- Interactive map of district boundaries since January 3, 2023
- Representative: Rick Crawford R–Jonesboro
- Area: 17,521 mi^{2} (45,380 km^{2})
- Distribution: 55.5% rural; 44.5% urban;
- Population (2024): 754,656
- Median household income: $52,325
- Ethnicity: 73.3% White; 17.3% Black; 4.2% Two or more races; 3.9% Hispanic; 0.7% Asian; 0.7% other;
- Occupation: 48.8% White-collar; 35% Blue-collar; 16.2% Gray-collar;
- Cook PVI: R+23

= Arkansas's 1st congressional district =

U.S. House district for Arkansas

Arkansas's 1st congressional district is a U.S. congressional district in eastern Arkansas that elects a representative to the United States House of Representatives. It is currently represented by Republican Rick Crawford.
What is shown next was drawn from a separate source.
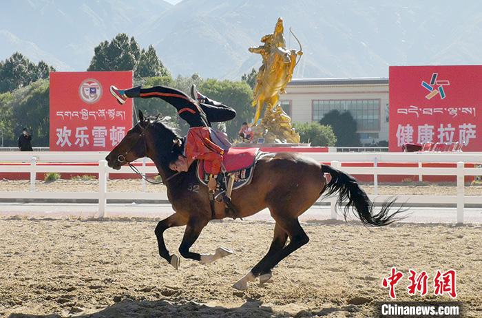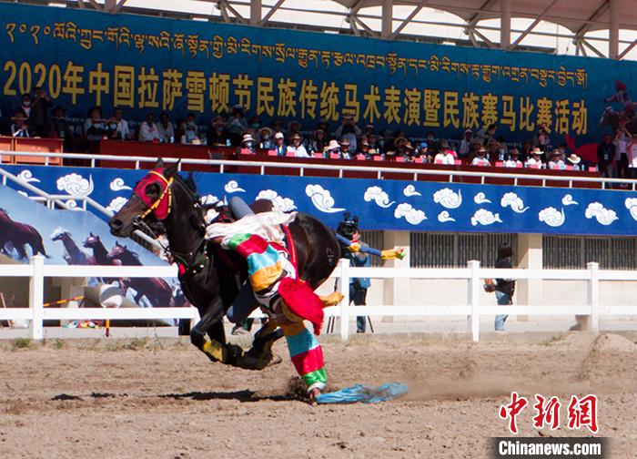 8月20日,2020年中国拉萨雪顿节民族传统马术表演暨民族赛马比赛活动在西藏自治区拉萨市举行。图为女子马术运动员进行民族传统马术分腿倒立表演。 中新社记者 张伟 摄

With a Cook Partisan Voting Index rating of R+23, it is the most Republican district in Arkansas, a state with an all-Republican congressional delegation.

== Political history ==
The Mississippi Delta became dominated by industrial agriculture in the 20th century, with cotton, rice, and soybeans by far the biggest exports from the region. The 1st District covers most of the Arkansas Delta area and stretches as far west as the Ozarks. The farming areas, despite their fertility, are generally poor by national standards. Jobs are limited and unemployment and undereducation are major issues. Rice farms receive substantial subsidies from the federal farming program. Three of the top five subsidy farms in the United States are in this district, and they have received more than $100 million since 1996.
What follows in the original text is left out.